By Jason Simpkins
Wells Fargo & Co. (WFC) Friday agreed to buy all of Wachovia Corp. (WB) for about $15 billion in stock, however, Citigroup Inc. (C), which had already agreed to buy Wachovia’s banking operations, immediately issued a protest that could jeopardize the deal.
“Citi has substantial legal rights regarding Wachovia and this transaction,” Citi said in a statement. “Wachovia’s agreement to a transaction with Wells Fargo is in clear breach of an exclusivity agreement between Citi and Wachovia.”
Wells Fargo’s $15 billion, or $7 a share, all-in bid easily trumps Citigroup’s $2.16 billion, or $1 per share, offer for Wachovia’s deposits, loan portfolio, and retail banking branches. The Citigroup offer did not include Wachovia’s A.G. Edwards brokerage unit or Evergreen mutual fund family.
“It provides superior value compared to the previous offer to acquire only the banking operations of the company,” Wells Fargo Chairman Richard Kovacevich said in defense of his company’s offer. “Wachovia shareholders will have a meaningful opportunity to participate in the growth and success of a combined Wachovia-Wells Fargo that will be one of the world's great financial services companies.”
Wells Fargo said that it not only intends to keep Wachovia in tact, but also requires no assistance from the Federal Deposit Insurance Corp. (FDIC). That runs contrary to Citi’s offer, which relied heavily on the FDIC for financing.
“The FDIC stands behind its previously announced agreement with Citigroup,” said FDIC Chairman Sheila Bair. “The FDIC will be reviewing all proposals and working with the primary regulators of all three institutions to pursue a resolution that serves the public interest.”
The Federal Reserve and Office of the Comptroller said that Citigroup’s proposal has already been reviewed and approved, but that regulators would work with all of the parties involved “to achieve an outcome that protects all Wachovia creditors, including depositors, insured and uninsured, and promotes market stability.”
Wells Fargo’s action could lead to a standoff with federal regulators, or possibly a bidding war. Citigroup has the option of either taking legal action to block the deal, or increasing its offer.
“If Citigroup is serious, they should boost their bid and become a more competitive buyer, rather than whining,” Sean Egan, managing director of Egan-Jones Ratings Co., told Bloomberg. “It should be easy for Wells Fargo to compensate Citigroup if they decide that's the right course.”

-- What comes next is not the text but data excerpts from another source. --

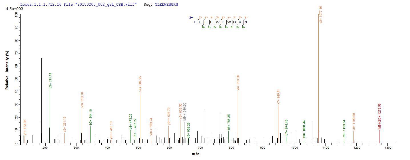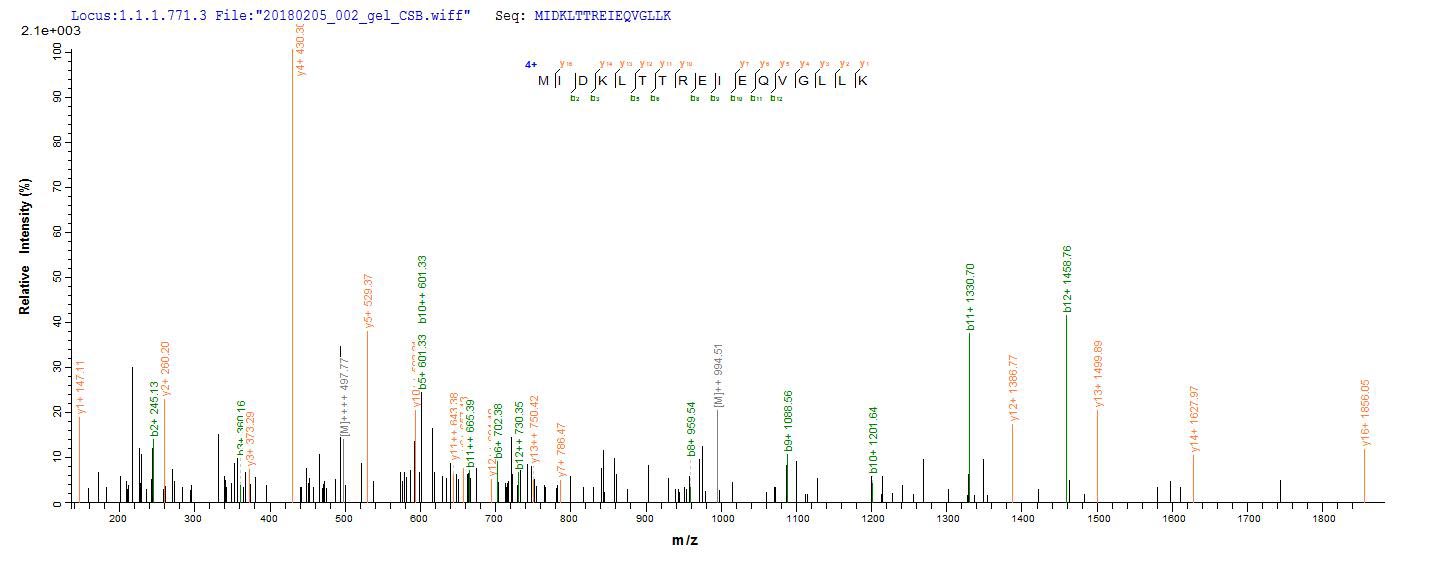 Based on the SEQUEST from database of E.coli host and target protein, the LC-MS/MS Analysis result of CSB-CF889507RFU could indicate that this peptide derived from E.coli-expressed Rotavirus A (isolate RVA/Cow/United States/B223/1983/G10P8[11 ]) (RV-A) glycoprotein 4.
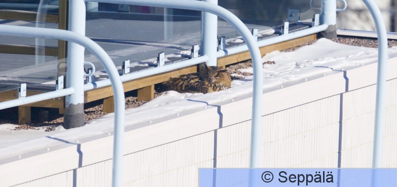 Espoo Huuhkaja hautoo Espoon keskuksessa virastotalon katolla. Kuvaaja Antti Karppi.
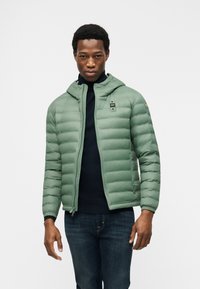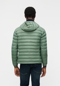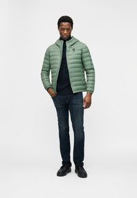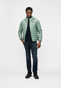 Jeune homme portant une doudoune à capuche vert clair sur un t-shirt noir et un jean foncé, debout devant un fond blanc uni.
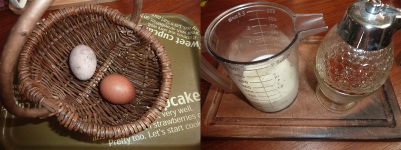 今日の卵は、生クリームと自家採集日本蜂蜜、バニラシード、グラニュー糖と混ぜ合わされて、オーブンへ。
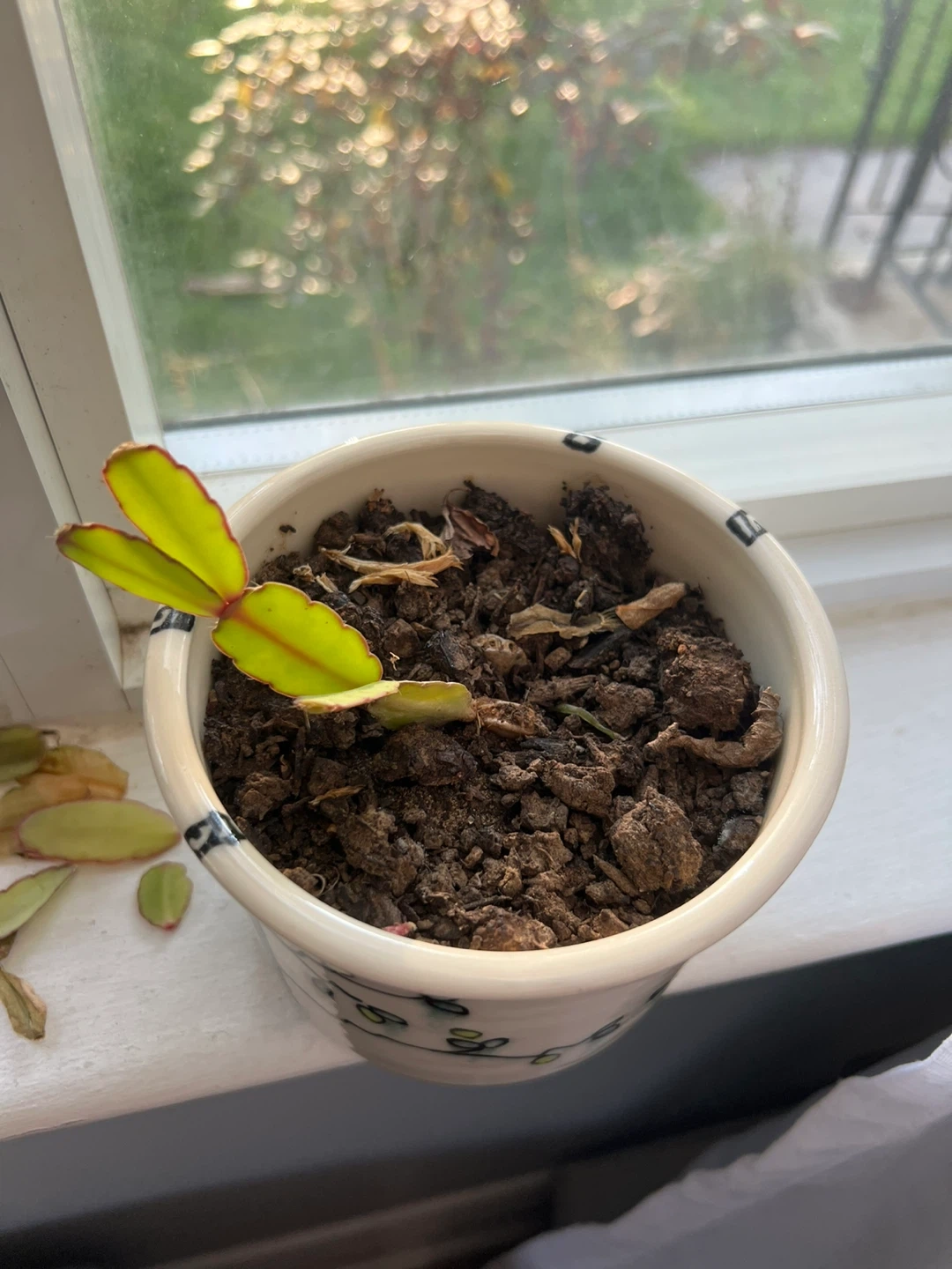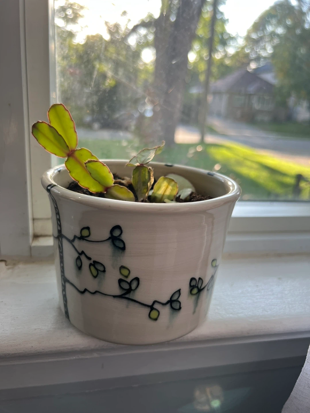 Selling a potted Christmas cactus. It's in a cute pot with a vine design. This plant is easy to care for and adds a touch of green to any space
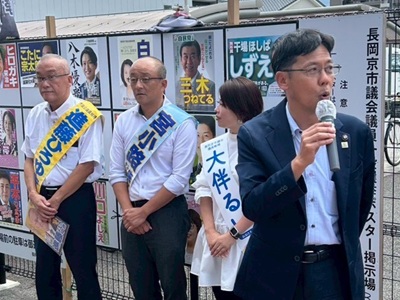 また、この日は街宣活動中になりますが、12:00から12:25頃まで、長岡京市役所前にて、会派輝の現職候補5名と当選されれば会派輝に迎え入れることになる新人候補2名の、計7名による合同街頭演説会を行い、中小路健吾市長に応援演説をいただきました。
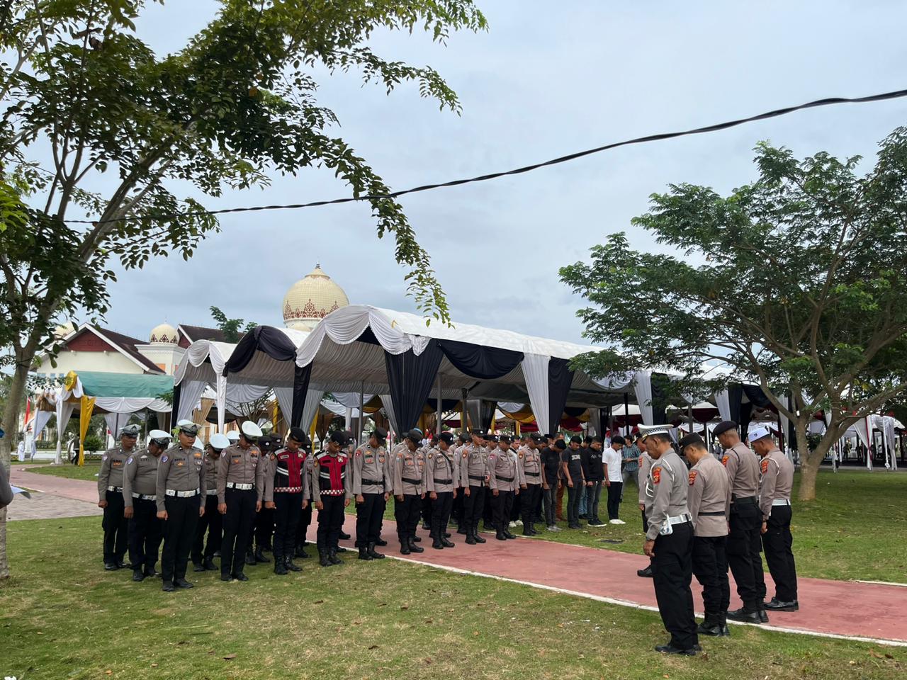 LHOKSUKON – Polres Aceh Utara mengerahkan puluhan personel untuk melaksanakan pengamanan kegiatan Maulid Akbar dalam rangka memperingati Hari Lahir Nabi Besar Muhammad SAW 1447 Hijriah yang dipusatkan di halaman Kantor Bupati Aceh Utara, Selasa (7/10/2025). Kegiatan yang diselenggarakan oleh Pemerintah Kabupaten Aceh Utara ini juga dirangkai dengan Muzakarah Ulama dan Umara Tahun 2025 yang menghadirkan sejumlah ulama besar dari berbagai daerah di Aceh.
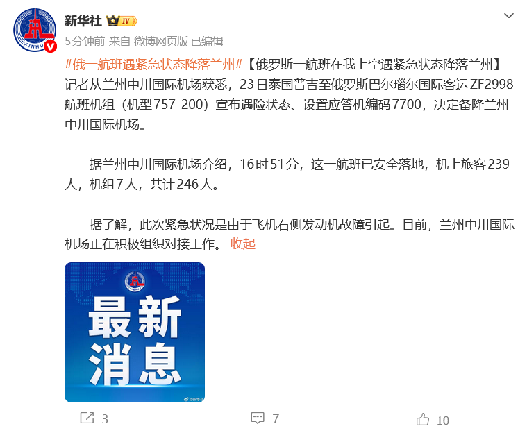 据兰州中川国际机场介绍,16时51分,这一航班已安全落地,机上旅客239人,机组7人,共计246人。
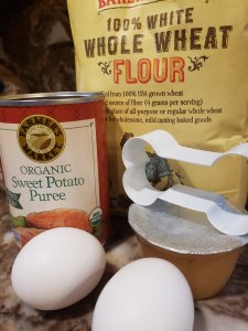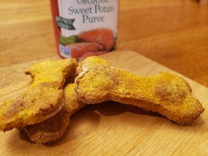 Sweet potatoes are high in fiber and beta carotene. They’re a popular and slightly healthier substitute to the regular potato with many cooking applications. Even with all the fancy recipes out there, my favorite way is just simply slicing them to roast with coconut oil. But, oh what fun it was to make these dog treats using canned, pureed sweet potatoes. I think when you know how much someone or some-dog will enjoy it, it adds so much more joy to the cooking process.
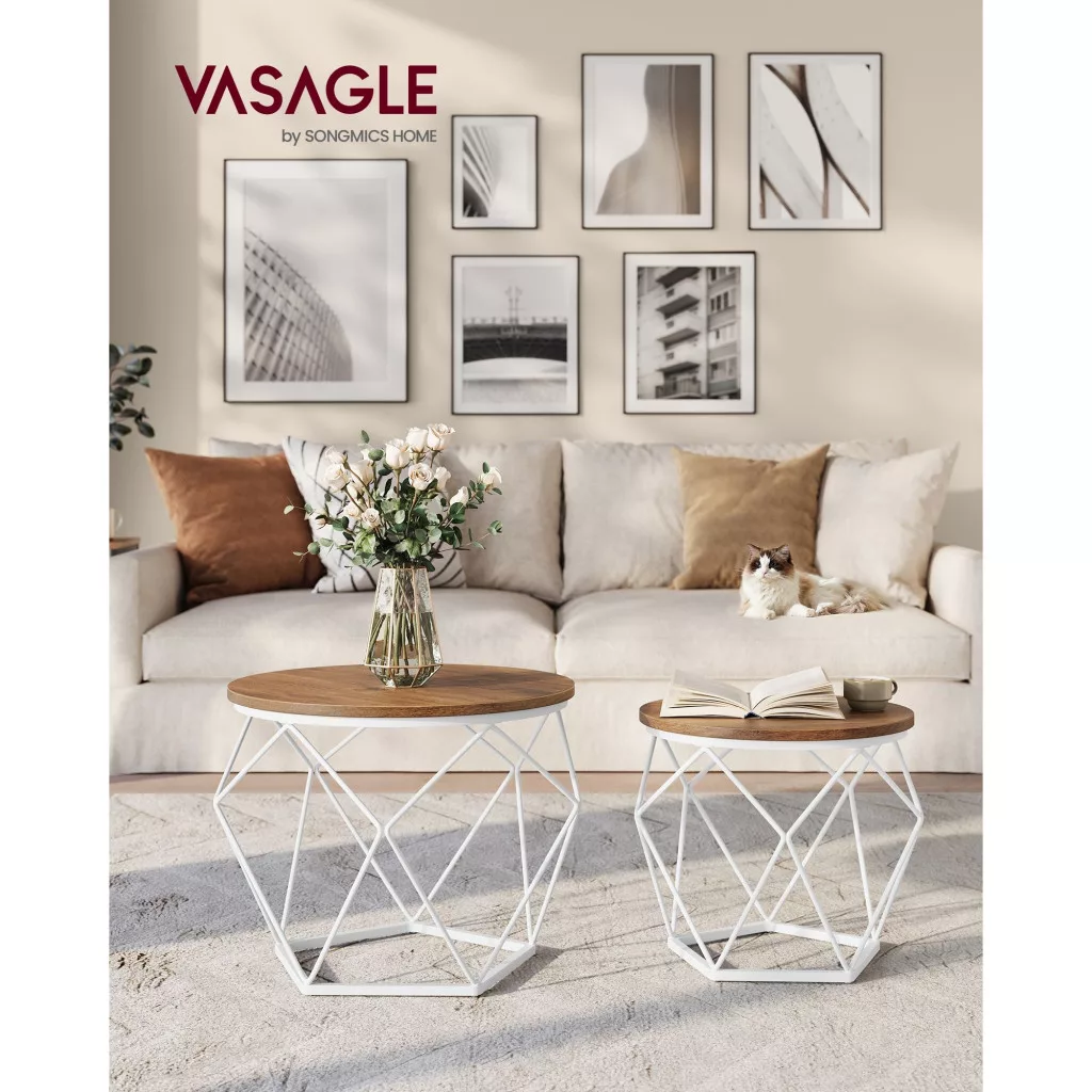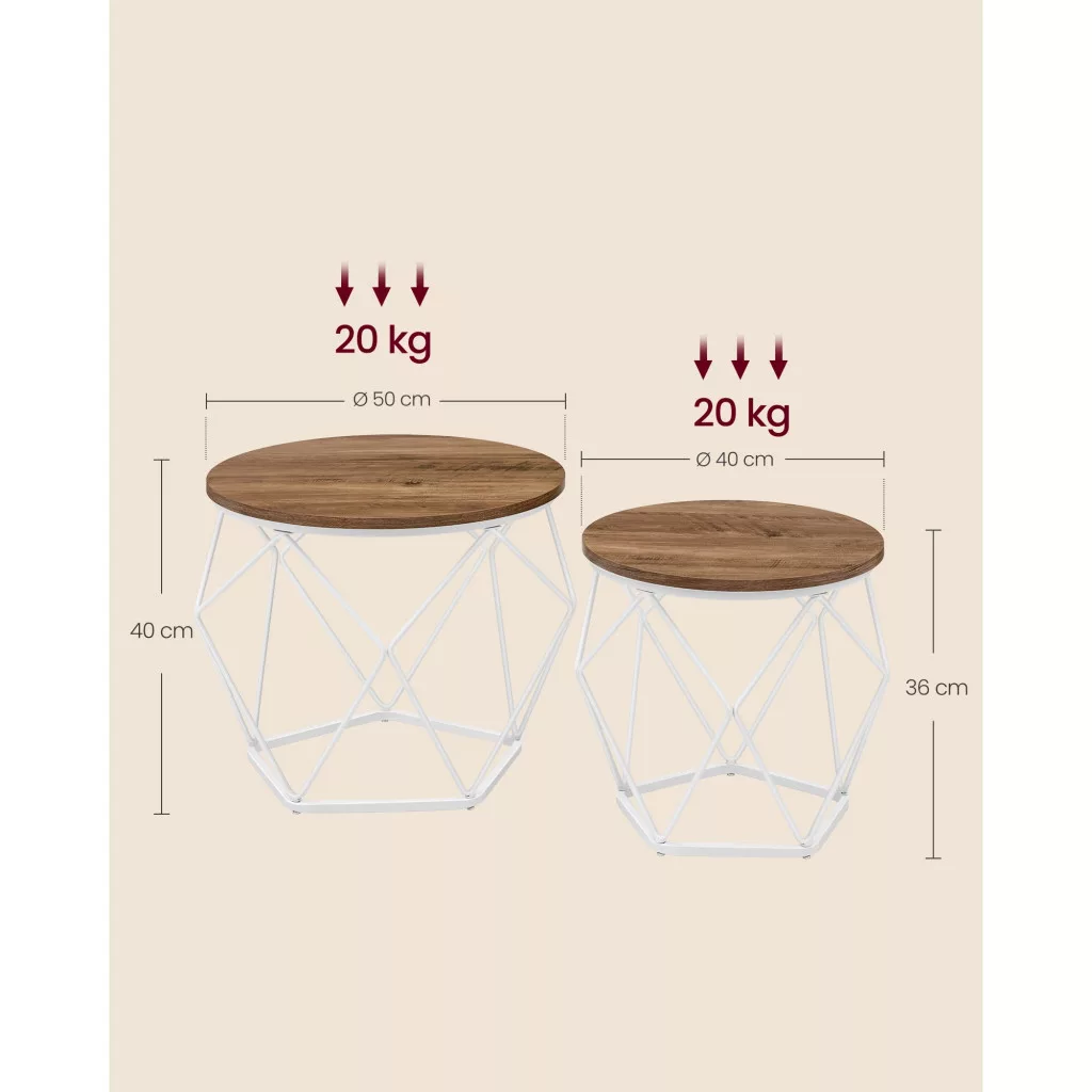 VASAGLE Kerek Dohányzóasztalok, 2 db-os Kisasztal Készlet, Modern Stílus, Levehető
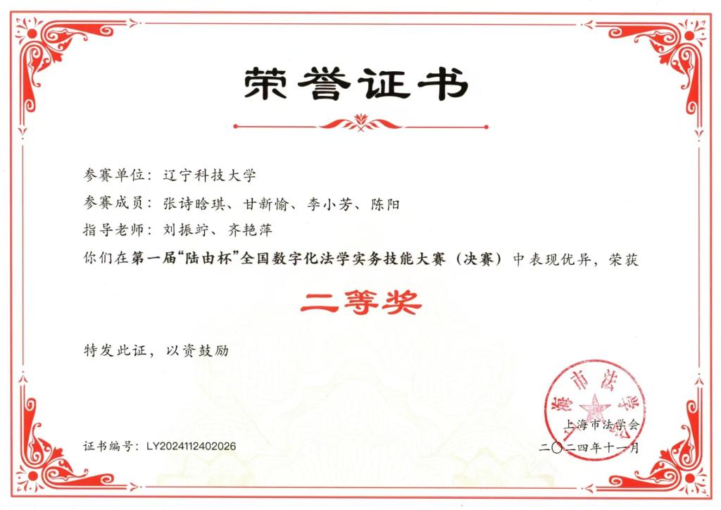 2024年11月23日至24日,第一届“陆由杯”全国数字化法学实务技能大赛总决赛在上海财经大学成功举办。九州体育·(中国)官方网站经济与法律学院法学专业2021级本科生张诗晗琪、陈阳、甘新榆、李小芳四名同学在刘振竚和齐艳萍老师的带领下获得总决赛二等奖。
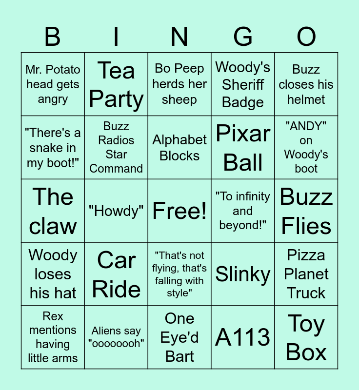 This bingo card has a free space and 38 words: Woody flails his arms, "Andy's Coming", Toys Freeze!, Buzz Radios Star Command, Pizza Planet Truck, Car Ride, Alphabet Blocks, Pixar Easter Egg, Buzz closes his helmet, Pixar Ball, "Howdy", Woody's Sheriff Badge, Toy Box, Buzz Flies, "There's a snake in my boot!", Woody loses his hat, Sid, Bo Peep herds her sheep, Battery Replacement, "To infinity and beyond!", Mr. Potato head gets angry, Aliens say "oooooooh", "ANDY" on Woody's boot, Rex mentions having little arms, Sid's pop tarts are ready, One Eye'd Bart, Baby Molly, "Ages 3 and up!", Toy Soldier is injured, Scud (Sid's dog), Emperor Zurg, "That's not flying, that's falling with style", A113, Tea Party, Hamm, Slinky, The claw and Sid's mutant toys.
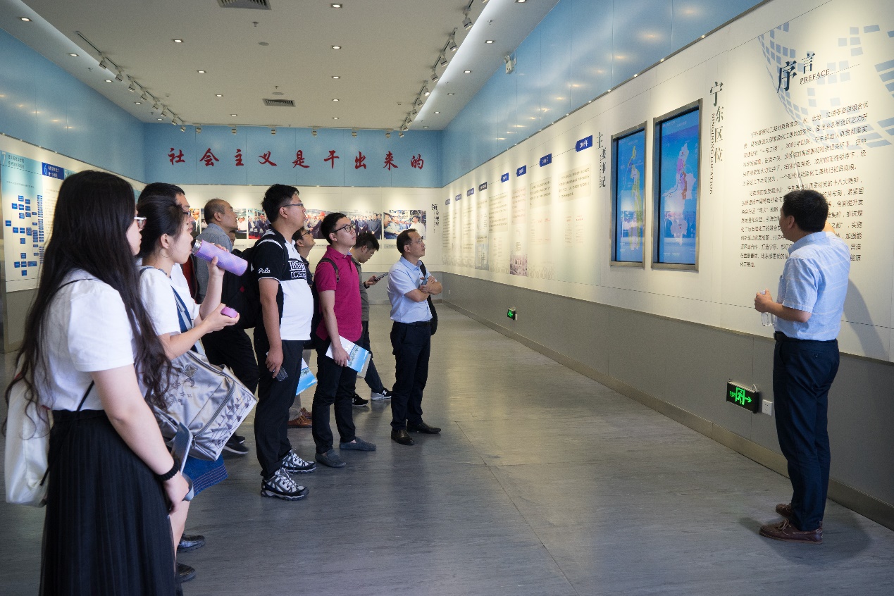 神华宁煤集团是最先入驻宁东基地的企业,以煤炭和煤制油化工为主营业务。集团下属煤炭化学工业技术研究院院长金政伟带领到访师生参观了宁东基地展厅、煤制油产业园区及中央控制中心。金院长向同学们详细地介绍了宁东的开发历程、产业布局及神华宁煤的主打产品。大家无不惊叹于这片20年前仍是荒漠的土地,因煤炭资源宝藏而一跃成为占自治区工业产值近三成的经济支柱;从这里出发的西电东送输电网直通山东青岛,为东部地区的生产保驾护航。在煤制油中控大厅,每个生产装置的运转状况在巨大的屏幕上实时显示,近百名工作人员分成多组对其进行监控和调整。同学们大都是第一次观看到如此集高度智能化和庞大生产规模为一体的工业装置,深深被其中蕴含的科技所震撼。
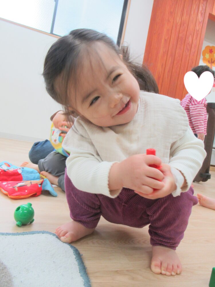 おもちゃを持ったり転がしたり「どうぞ~!」する姿もみられました。
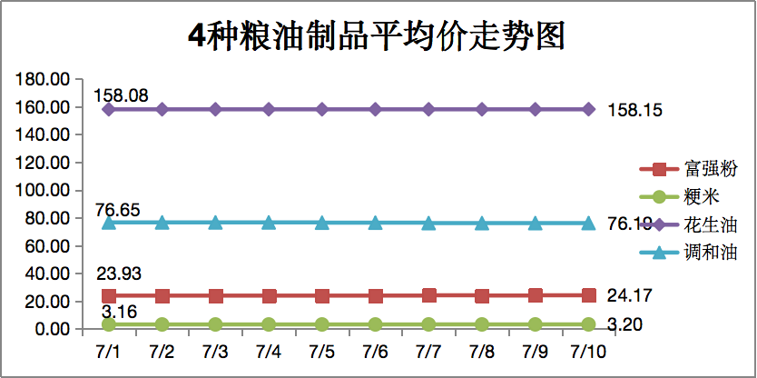 我区监测的8种粮、油中,富强粉、粳米、花生油、调和油4种代表品7月上旬商超、农贸市场平均价格及变化情况如下:

The addition of Wachovia’s 3,300 retail-banking branches and $2.2 billion in deposits would make Citi the third-biggest U.S. bank network and solidify its status as the nation's largest lender by assets. The acquisition would also provide Citi with a cheap, stable source of funding at a time when credit is scarce.
If Citi wins the bidding war for Wachovia, it will have $2.91 trillion, more than $600 billion in deposits, and 4,300 U.S. bank offices in 21 states.
However, should Wells Fargo come out ahead, it will have $1.42 trillion in assets, $787 billion in deposits, and 10,761 branches in 39 states.
Whichever bank takes over Wachovia’s loan portfolio will inherit roughly $122 billion in adjustable-rate mortgages, the majority of which were distributed to subprime borrowers and are likely to default.